Open flesler opened 6 years ago
This could make stuff like #Currency more useful, to be able to normalize to either the name or the symbol would be great (unless it can already be done and I missed it)
love this idea
I temporarily implemented this myself, adding the following to the "plugin":
synonyms: {
u: 'you',
ya: 'you',
bc: 'because',
r: 'are',
sth: 'something',
pls: 'please',
sry: 'sorry',
'&': 'and',
okay: 'ok',
congrats: 'congratulations',
congratz: 'congratulations',
}
Then I iterate and replace(key, synonyms[key])
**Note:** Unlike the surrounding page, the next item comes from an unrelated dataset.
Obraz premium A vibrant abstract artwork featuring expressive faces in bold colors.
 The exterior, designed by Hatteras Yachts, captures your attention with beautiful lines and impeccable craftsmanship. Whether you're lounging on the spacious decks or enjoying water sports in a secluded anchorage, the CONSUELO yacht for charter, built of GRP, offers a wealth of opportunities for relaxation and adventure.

If this helps anyone get started, pulled synonyms out of WordNet a while back, they are in WordNet format which I don't particularly like. Elasticsearch docs have some good dialogue about synonyms here https://www.elastic.co/guide/en/elasticsearch/reference/current/analysis-synonym-tokenfilter.html
https://github.com/buildbreakdo/elasticsearch-wordnet-synonyms
Think solr style synonyms are much more legible:
Solr:
"synonyms" : [
"i-pod, i pod => ipod",
"universe, cosmos"
]
Wordnet:
"synonyms" : [
"s(100000001,1,'abstain',v,1,0).",
"s(100000001,2,'refrain',v,1,0).",
"s(100000001,3,'desist',v,1,0)."
]
Could skip all that and do something clever with getters and setters like:
const synonyms = {
"ipod": ["ipod", "i pod", "i-pod"],
get "i pod"() {return this["ipod"]},
get "i-pod"() {return this["ipod"]}
...
}
Every word variant maps to the root word which holds all variants including itself. Used on text like cool i-pod
:
"cool i-pod".split(' ').map(word => synonyms[word] || word)
would output:
["cool", ["ipod", "i pod", "i-pod"]]
Back of the napkin architecture here. :) Issue see with this though (least client side) is synonyms is an 8 meg file. Be cool if this was a part of the compromise repo and is a separate package that you can include and pass to compromise?
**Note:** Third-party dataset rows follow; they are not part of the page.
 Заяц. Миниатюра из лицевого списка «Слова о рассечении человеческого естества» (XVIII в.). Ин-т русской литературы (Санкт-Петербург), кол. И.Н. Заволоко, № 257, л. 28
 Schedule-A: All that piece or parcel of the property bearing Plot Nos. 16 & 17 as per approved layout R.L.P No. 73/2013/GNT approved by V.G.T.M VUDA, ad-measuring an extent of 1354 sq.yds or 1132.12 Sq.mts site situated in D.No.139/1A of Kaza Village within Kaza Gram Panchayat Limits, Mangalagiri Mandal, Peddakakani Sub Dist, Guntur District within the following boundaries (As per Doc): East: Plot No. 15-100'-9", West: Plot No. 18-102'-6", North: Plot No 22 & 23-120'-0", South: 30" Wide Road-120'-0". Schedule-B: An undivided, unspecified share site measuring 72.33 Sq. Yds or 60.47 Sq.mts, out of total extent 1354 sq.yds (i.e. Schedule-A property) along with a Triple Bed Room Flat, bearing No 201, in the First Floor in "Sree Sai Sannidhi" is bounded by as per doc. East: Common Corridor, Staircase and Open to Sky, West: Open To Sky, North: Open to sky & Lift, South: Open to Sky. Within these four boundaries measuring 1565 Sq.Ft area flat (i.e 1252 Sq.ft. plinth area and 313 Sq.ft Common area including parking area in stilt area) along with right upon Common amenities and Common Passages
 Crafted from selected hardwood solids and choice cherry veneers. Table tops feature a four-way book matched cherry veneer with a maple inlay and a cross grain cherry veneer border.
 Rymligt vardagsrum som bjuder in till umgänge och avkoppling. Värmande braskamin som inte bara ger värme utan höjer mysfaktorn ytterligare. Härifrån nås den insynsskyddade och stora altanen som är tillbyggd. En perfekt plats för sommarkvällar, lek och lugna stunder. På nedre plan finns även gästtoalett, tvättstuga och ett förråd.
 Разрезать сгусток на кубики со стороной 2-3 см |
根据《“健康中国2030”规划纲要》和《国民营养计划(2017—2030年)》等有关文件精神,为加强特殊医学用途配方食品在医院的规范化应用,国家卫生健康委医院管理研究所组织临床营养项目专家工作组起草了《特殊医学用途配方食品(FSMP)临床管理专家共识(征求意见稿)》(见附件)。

yeah! very cool @buildbreakdo
another thing that would be cool about using word net is you can ensure the Part-of-Speech matches on the term, before making a swap. That will prevent errors like, when i'm really bored, i pod the ..
- 😕
because compromise can reliably conjugate verbs to infinitive, and swap plurals back to singular a synonym swticher could do this:
nlp('i walked ecstatically').replace({ecstatic:'happy'}).out()
//i walked happily
you know? I haven't done this for perf reasons, but you could imagine building a clever method to do this - happy to help
If it could do that, it'd be INCREDIBLY cool. Imagine something like nlp('...').paraphrase()
. 💯
👍
@spencermountain Not sure how best to help do what you mentioned above...
Obviously not implemented.: -)
hey owen, it would involve looping through each word and conjugating all the verbs to infinitive, and all the plural nouns to singular.
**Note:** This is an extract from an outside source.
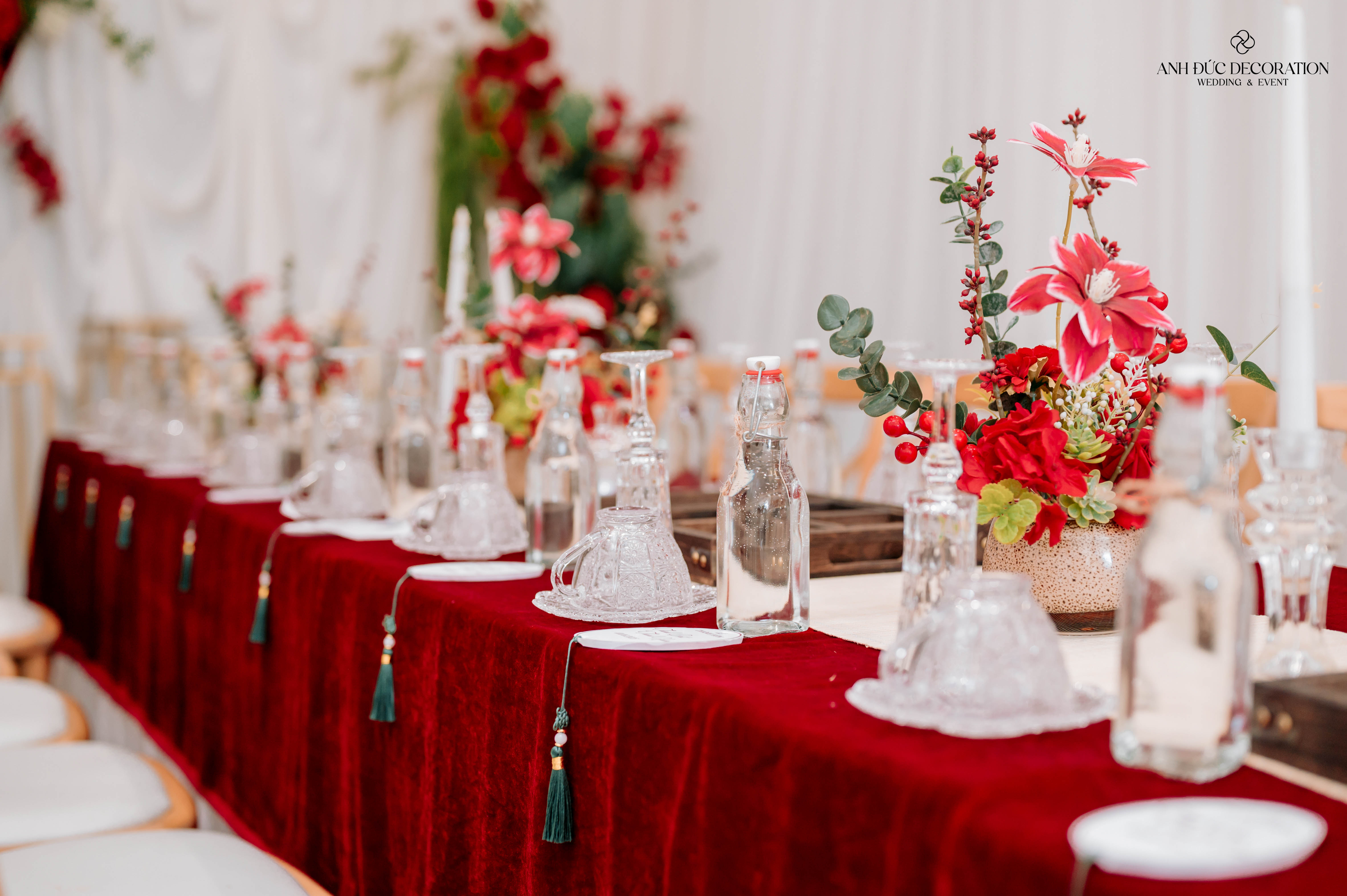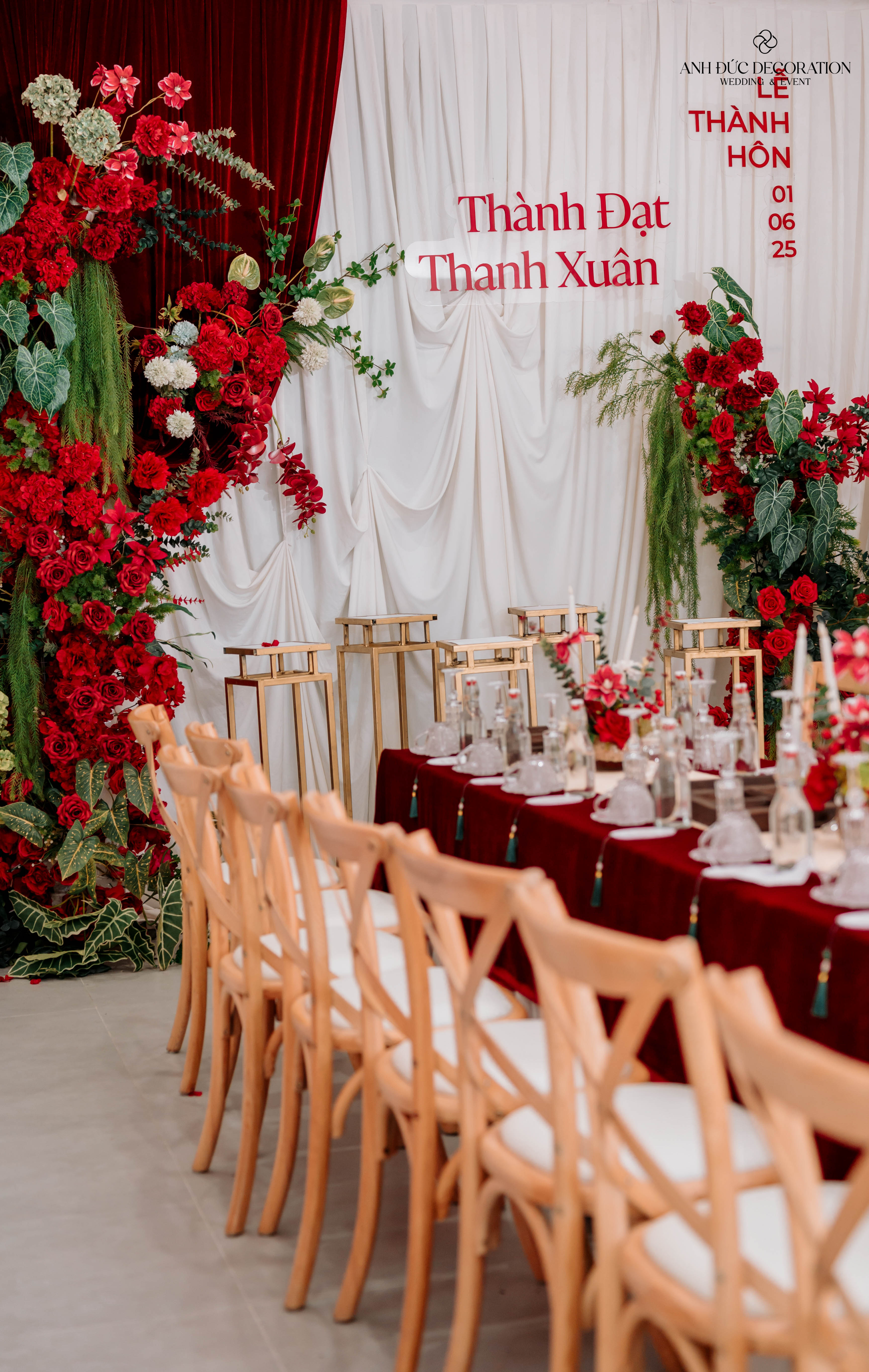Backdrop bàn gia tiên là sự kết hợp hài hòa giữa vải nhung đỏ – vải trắng – cụm hoa tươi rực rỡ và tên cô dâu chú rể nổi bật, mang lại chiều sâu cảm xúc và vẻ đẹp trang trọng cho buổi lễ.

If you save that string on each term, the replace method could just loop around and look at that string.
I don't wanna do that at tag-time. It would make everything slow.
but it would be a wicked plugin.
one method to create this doc.cache()
'super-normalized' word.
and another method to doc.replace({ecstatic:'happy'})
I would not call "bc" a synonym for "because", but more a slang version, or a contracted form. Just my 2 cents.
It'd be great, when normalizing text to include synonyms (and even antonyms!). So that all synonyms are normalized to the same word (and
not ${antonym}
too).It shouldn't be incredibly complex, it's equivalent to using
replace(synonym, normalized)
for each case (but much more optimized I hope.